The cop who had been ordered to accompany me to the funeral sympathetically patted my shoulders as I wept bitterly. Glancing to my right where the family sat I noticed Amalie's drenched face, and Thyssen laid in his grandfather's arms wailing at the top of his lungs. Even Khayoné was in attendance, he was visibly distraught. Feeling as though I was being suffocated by the sadness as each painful minute passed by, I decided to view Londyn's body one last time before I made my exit. I relied on the strapping officer for support as my legs felt like rubber leaving the church. Once outside, I slid from the officer's grasp and my knees collided with the concrete as I fell.

The heavens shared in my sadness as dark clouds overtook the sky and a heavy downpour was released. I raised my eyes heavenward and question why Londyn had been taken away from my children and I, from her entire family. The cop beckoned for me to get up and get into the car but I refused to take heed. In that moment I wanted to die, to escape this misery that I'd been living in.

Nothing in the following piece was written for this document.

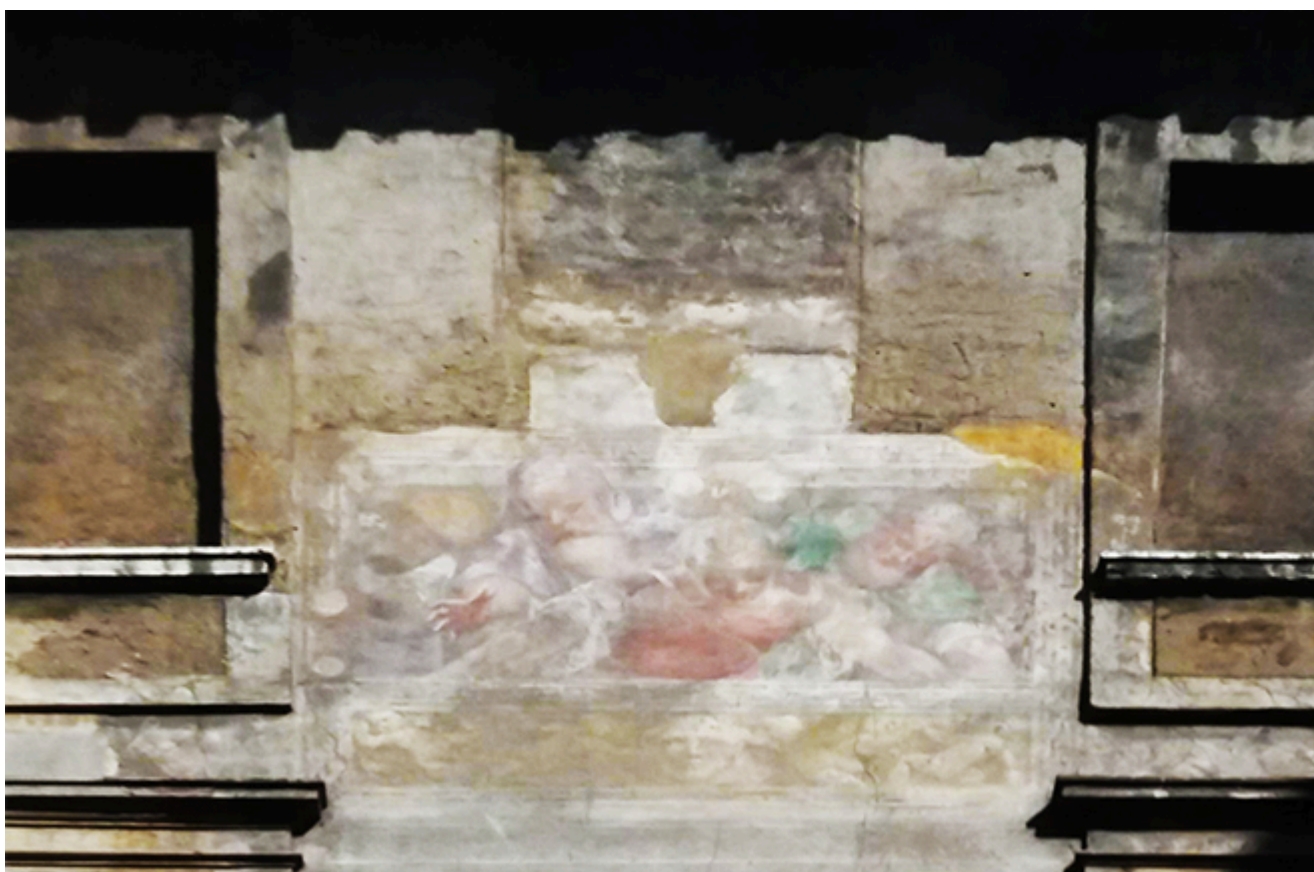
FOTO 2. Particolare dell'affresco di Lattanzio Gambara in via XXIV Maggio lungo una parete dell'edificio delle poste

delle quali, particolare per i notevoli affreschi del '500 con scene di storia romana di Lattanzio Gambara, è stata inglobata nell'edificio delle poste; edifici di importante valore storico quali le antiche pescherie, il macello risalente al Quattrocento, la chiesa romanica di Sant'Ambrogio, i resti della curia ducis romana, le fondamenta della cinta urbana tardo-antica, di una torre, di un palazzo ducale di età longobarda, tre resti di ponti sul torrente Garza. Nel 1970, durante gli scavi per la costruzione del parcheggio sotterraneo terminato nel 1974, vengono ritrovati altri importanti resti risalenti alle età imperiale e longobarda e, nel 2008, durante gli scavi per la realizzazione della metropolitana di Brescia, vengono alla luce le fondamenta di una torre di epoca medievale.

Shaking my head, I tried to rid myself of memories that insisted on haunting me. It had been two years since Londyn's passing and everyday I was forced to relive the night she had been murdered. No therapy sessions could cure the constant battle that was going on inside of me. Each day I felt like I was step closer to totally losing my mind. To add to this, I had been in cell where I was alone. I was deemed emotionally unstable and possibly posed a threat to the other inmates. Depression had long waged war on my soul, fuelling the emptiness that plagued me since Londyn's death.

Hopping off of my bed, I traipsed over to the wall where I had stuck a picture of Londyn with a smiling Amalie by her side fixing Thyssen's pacifier. Tears streamed down my face as I stroked the picture lovingly as though I'd some how recover my loss. I had lost my children along the way of losing myself. I hadn't seen them since Londyn's funeral and I planned to keep it that way. It was best that they forget my existence considering that I wasn't going to be released anytime soon. I was comvicted and sentenced to twenty years behind bars for murder in the second degree. I wasn't surprised when the judged delivered the sentence. I felt no remorse for killing Thana. She had taken the love of my life and the mother of my children away without a second thought.

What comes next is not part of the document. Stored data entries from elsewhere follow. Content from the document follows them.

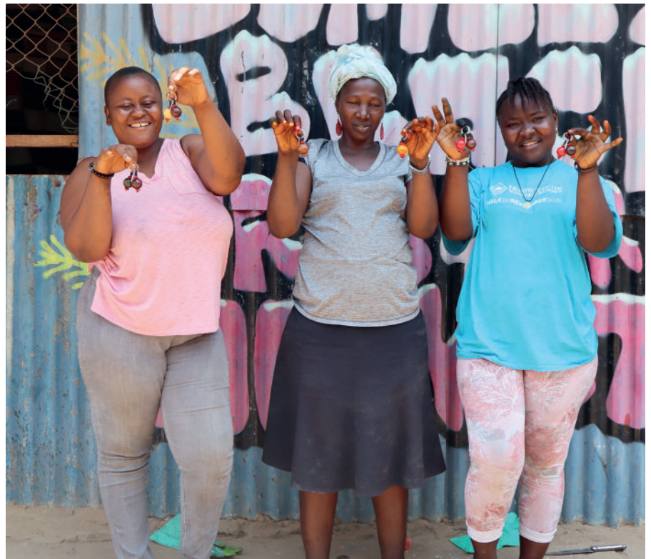
Handverksfólk í Sierra Leóne framleiddi 12.000 armbönd og 10.000 lyklakippur fyrir Barnaheill sem selt var sem fjáröflunarvarningur.

Í febrúar hófu Barnaheill neyðarsöfnun til styrktar mannúðaraðstoð alþjóðasamtaka Barnaheilla í Tyrklandi og Sýrlandi í kjölfar jarðskjálftanna sem urðu þar þann 6. febrúar. Á jarðskjálftasvæðinu misstu 716.000 manns heimili sín. Alls söfnuðust 1.5 milljón í neyðarsöfnuninni.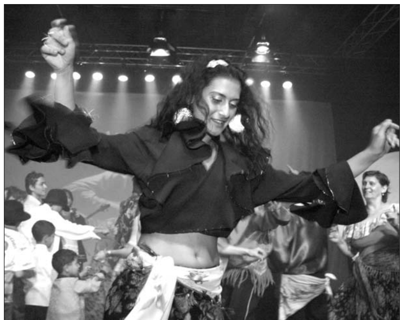
Krásná tanečnice slovenského divadla Romathan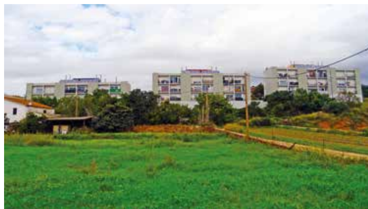
Tres blocs d'habitatges formen la promoció del Sector Llevant. RAÚL ANDREU

Una vegada l'Agència de l'Habitatge de Catalunya ha informat sobre les dates de venciment dels contractes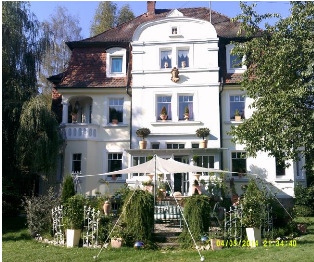
Seminarort: „Kurhaus Gifting“ Übernachtung möglich Weitere Informationen bei Ute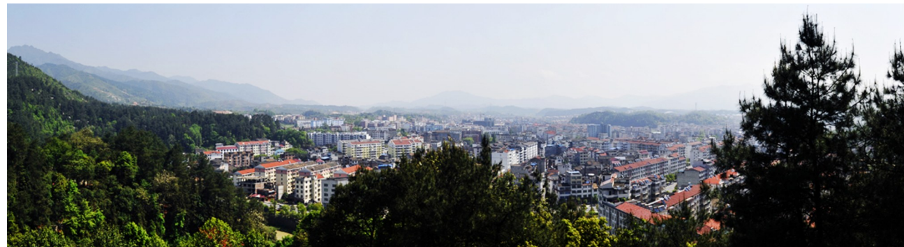
美丽的炎陵县城。

这仅是该县壮大城市框架的一个缩影。“一支香烟绕个圈,屋檐滴水湿两肩。”这是人们对过去的炎陵县城的印象。县城建成区面积仅1平方公里,人口2万,给人的印象是破旧、窄小、杂乱无序。

Prying the picture from the wall, I journeyed back to my bunk and laid down with the picture snuggled close to my chest. I sobbed in silence, remembering that we would've been celebrating her twenty eight birthday today had she been alive. As the tears burnt my eyes I squeezed them shut hoping to keep the others at bay. However, I failed miserably as the downpour only increased with every increased effort to stop wailing. I fell into a fit of coughs as I choked on my sorrow.

One of the guards came rushing to my cell with a glass of water and my medicine in hand. This had become a daily routine for he and I. I would reflect on memories of Londyn before morphing into a ball of emotions and the guard would drug me hoping to induce some semblance of pacification. They never worked however. The drugs made me robotic and I stopped taking them long ago. I preferred to face the onslaught of emotions in my natural state. I usually hid the pills under my tongue, or forced myself to gag on the few occasions that it was necessary for me to raise my tongue as proof that I wasn't doing what they suspected.